The high street bellwether reported a surplus of £320.5 million for the six months to October 1, a drop of 8% on a year earlier and the company's first reduction in profits for two years.
Chief executive Marc Bolland said the company had taken "decisive action" by offering promotions and better value to shoppers at a time when households finances were being squeezed.
The strategy came despite the company facing higher commodity costs, particularly in clothing.
Mr Bolland added that he remained cautious about the outlook but said the chain was "well set up" for the Christmas period.
Shares in M&S opened 4% higher after the results met forecasts in the City and the company said the second half of its financial year was going as expected.

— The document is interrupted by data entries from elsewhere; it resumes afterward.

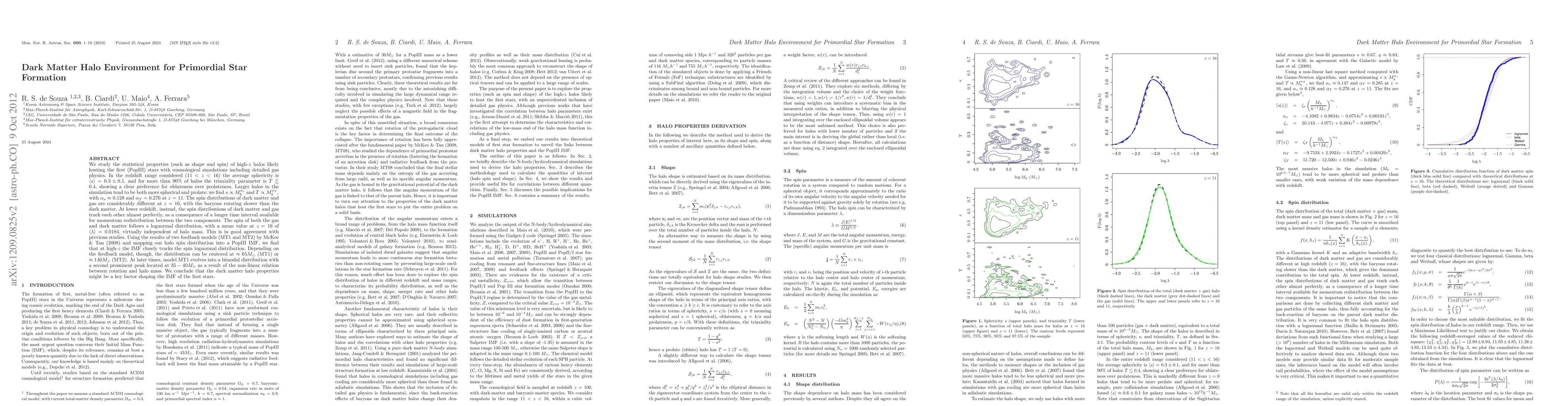 High-z dark matter halo simulations suggest that first stars may have formed in more oblate halos with a lognormal spin distribution, while later-time models show bimodal distributions influenced by feedback mechanisms.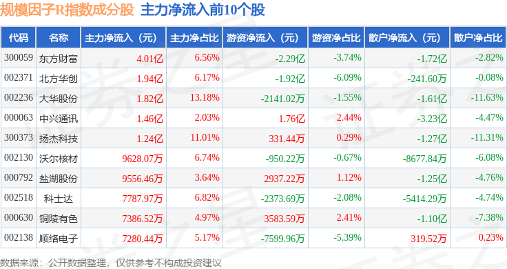 资金流向方面,规模因子R(480055)指数成份股当日主力资金净流入合计8.72亿元,游资资金净流出合计3.72亿元,散户资金净流出合计5.0亿元。成份股资金流向详情见下表: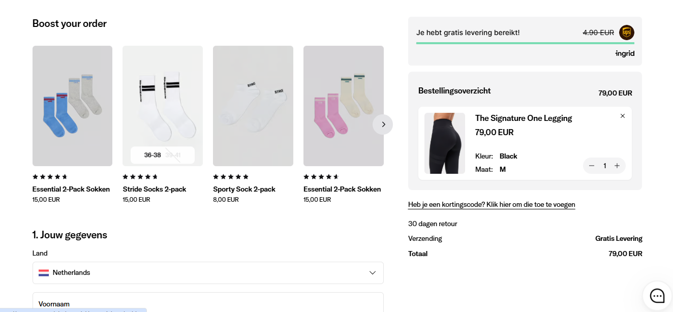 - Voer je kortingscode in Klik op "Heb je een kortingscode? Klik hier om die toe te voegen" onder het bestellingsoverzicht. Typ je Stronger kortingscode exact in en bevestig de code.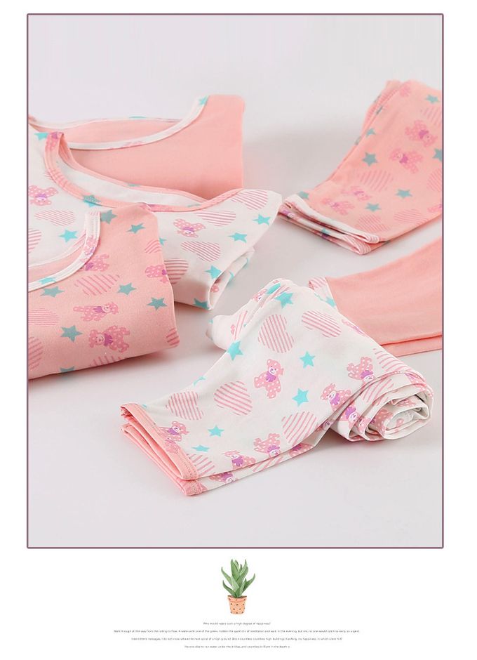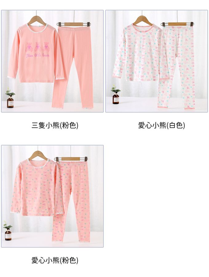 透氣舒適圓領長袖套裝/家居服-愛心小熊-白色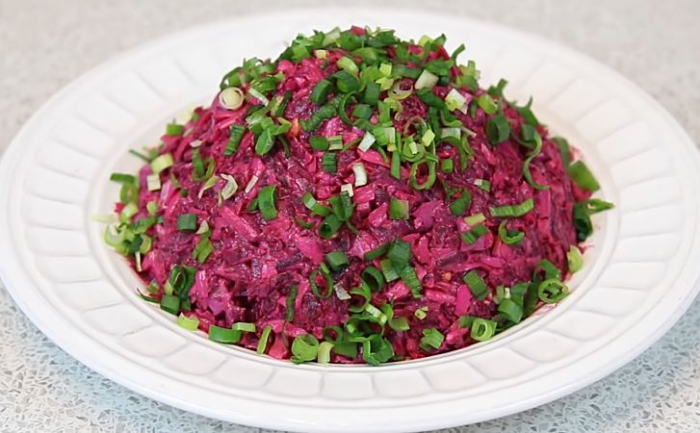 Минутный витаминный салат салат со свеклой на каждый день. Достаточно добавить сыр, яйца и чеснок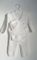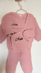 La tenue, douce et confortable, est disponible en plusieurs coloris elle inclue un haut, un bas, des chaussettes et un bonnet. Chaque piÚce est réalisée à la main avec soin et amour.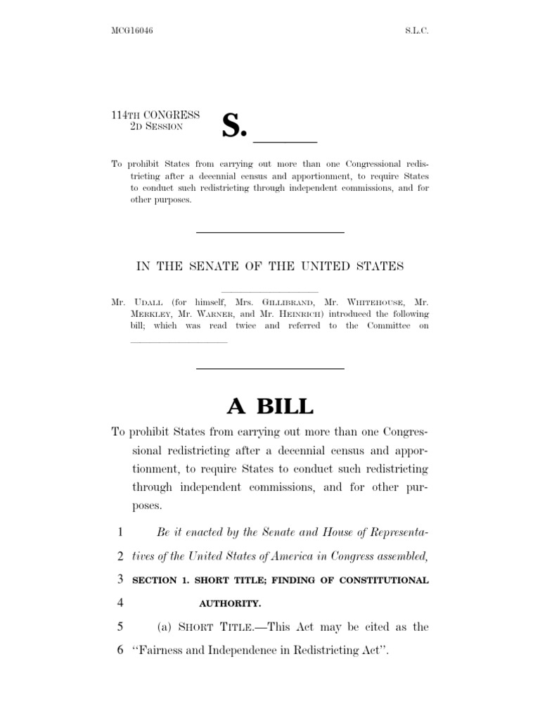To prohibit States from carrying out more than one Congres-sional redistricting after a decennial census and appor-tionment, to require States to conduct such redistricting through independent commissions, and for other pur-poses.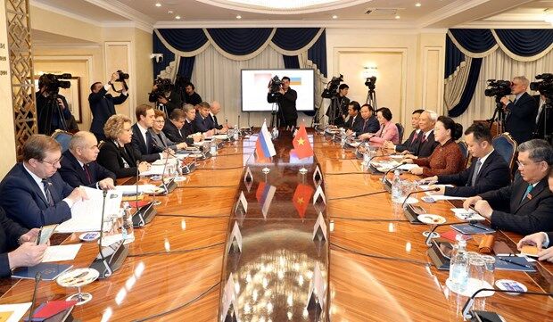 Nhận lời mời của Chủ tịch Hội đồng Liên bang Nga Valentina Matvienko, Chủ tịch Duma Quốc gia Liên bang Nga Vyacheslav Volodin, Chủ tịch Quốc hội Nguyễn Thị Kim Ngân và Đoàn đại biểu cấp cao Quốc hội Việt Nam thăm chính thức Liên bang Nga từ ngày 8/12. Chiều 10/12, tại Trụ sở Hội đồng Liên bang Nga, thủ đô Moskva, Chủ tịch Hội đồng Liên bang Nga Valentina Matvienko đã chủ trì lễ đón trọng thể Chủ tịch Quốc hội Nguyễn Thị Kim Ngân và Đoàn.

The chain, which operates from 700 stores, has been hit by the huge number of promotions on offer at both its supermarket and fashion rivals, which has seen its profit margins squeezed as it tries to compete.
It started its summer sale two weeks early this year, in line with the rest of the high street, as retailers slashed prices to tempt shoppers.
The hot weather in September and October also hampered an already depressed clothing market by causing shoppers to postpone buying autumn and winter ranges.
General merchandise sales, including clothing and homewares, were down 1.3% on a like-for-like basis in the half year, but M&S hailed its strong performance in food after the launch of 900 new lines and the roll-out of more promotional offers helped like-for-like sales in the division rise 2.1%.